A critic who became a successful playwright and later got so bruised by reviews as his career subsided that he ended up committing suicide at the age of 60, William Inge has become one of the forgotten heroes of 20th-century American theatre.

The Glass Menagerie, the play that inspired him to turn to drama and made him a friend and protégé of Tennessee Williams, keeps coming around, but The Dark at the Top of the Stairs – which has much in common with Williams’s breakthrough hit – is hardly ever revived.

Full marks, then, to director Lisa Forrell and the Belgrade in Coventry for letting us see a work that enjoyed a Broadway run in 1957, staged by Elia Kazan, and was subsequently made into a film starring Angela Lansbury.
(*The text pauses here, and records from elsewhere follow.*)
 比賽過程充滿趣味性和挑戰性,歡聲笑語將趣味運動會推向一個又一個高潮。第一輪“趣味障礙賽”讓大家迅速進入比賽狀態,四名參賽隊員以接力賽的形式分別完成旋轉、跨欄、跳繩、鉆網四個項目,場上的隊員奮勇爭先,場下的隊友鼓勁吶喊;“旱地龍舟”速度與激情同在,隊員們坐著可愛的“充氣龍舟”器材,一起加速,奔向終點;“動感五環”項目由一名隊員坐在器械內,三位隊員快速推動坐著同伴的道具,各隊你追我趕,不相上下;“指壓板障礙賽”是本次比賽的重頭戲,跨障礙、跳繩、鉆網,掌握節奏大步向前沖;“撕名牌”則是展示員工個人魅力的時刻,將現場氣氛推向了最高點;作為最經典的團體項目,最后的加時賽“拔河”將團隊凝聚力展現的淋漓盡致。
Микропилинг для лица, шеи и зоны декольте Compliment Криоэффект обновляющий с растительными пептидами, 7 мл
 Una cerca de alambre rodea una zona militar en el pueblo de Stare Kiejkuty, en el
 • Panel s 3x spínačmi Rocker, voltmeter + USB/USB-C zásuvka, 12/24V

If it doesn’t entirely escape the shadows cast by Williams’s masterpiece, its handling of vexed questions about marital breakdown, sexual awakening, parenting and prejudice still looks impressively outspoken even by today’s standards, while the play’s preoccupation with money, and what happens to relationships when there isn’t enough of it, feels incredibly apposite right now.

Rubin Flood (an imposingly stern Andrew Whipp) is a hatchet-faced horse-harness salesman grown bitter after 17 years of a sexless marriage – his sense of emasculation heightened by the oil millionaires springing up around him in 1920s Oklahoma. His plaintive wife, Cora (Caroline Faber, flickering brilliantly with uncertainty), can’t stop him flouncing off when they wrangle about the dollars she’s lavished on a party dress for their painfully shy daughter Reenie and about the floozy she thinks he’s seeing out on the road. Retreating upstairs, Reenie’s withdrawal from the world is matched by the hypersensitivity of her brother Sonny, whom Cora treats with Oedipal degrees of smothering love.
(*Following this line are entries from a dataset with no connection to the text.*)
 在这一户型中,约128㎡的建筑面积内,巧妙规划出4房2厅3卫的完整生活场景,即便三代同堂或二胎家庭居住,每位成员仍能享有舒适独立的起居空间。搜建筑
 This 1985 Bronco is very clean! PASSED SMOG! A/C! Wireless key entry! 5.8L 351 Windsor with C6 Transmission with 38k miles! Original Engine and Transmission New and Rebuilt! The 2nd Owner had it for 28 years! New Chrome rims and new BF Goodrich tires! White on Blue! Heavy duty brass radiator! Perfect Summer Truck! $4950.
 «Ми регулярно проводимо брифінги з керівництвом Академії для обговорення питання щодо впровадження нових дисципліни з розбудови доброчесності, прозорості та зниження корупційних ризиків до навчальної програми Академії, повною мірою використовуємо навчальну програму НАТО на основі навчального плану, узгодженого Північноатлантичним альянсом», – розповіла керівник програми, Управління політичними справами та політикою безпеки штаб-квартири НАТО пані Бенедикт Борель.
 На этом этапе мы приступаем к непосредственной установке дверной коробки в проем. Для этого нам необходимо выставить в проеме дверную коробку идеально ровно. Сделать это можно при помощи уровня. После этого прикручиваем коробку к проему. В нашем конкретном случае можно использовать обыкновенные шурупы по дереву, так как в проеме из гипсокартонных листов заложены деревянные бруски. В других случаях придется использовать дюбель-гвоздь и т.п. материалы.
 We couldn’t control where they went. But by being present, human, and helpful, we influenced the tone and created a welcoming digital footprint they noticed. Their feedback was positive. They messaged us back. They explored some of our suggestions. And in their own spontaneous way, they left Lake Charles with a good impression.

With the arrival of another figure of aching adolescent vulnerability – a Jewish gentleman caller who whisks the pretty wallflower off to a party, while attracting latent erotic attention from Sonny, too – Inge ups the melodrama. Yet thanks to terrific, truthful playing all round – with especially laudable performances from fresh-faced Philip Labey and Olivia Vinall as the frustrated mummy’s boy and his introverted sibling – the production, beautifully designed by Ruari Murchison, pumps deep reserves of recognisable anguish to the surface.

Forrell and her team may not have struck pure theatrical gold, but what they’ve homed in on is darkly compelling all the same.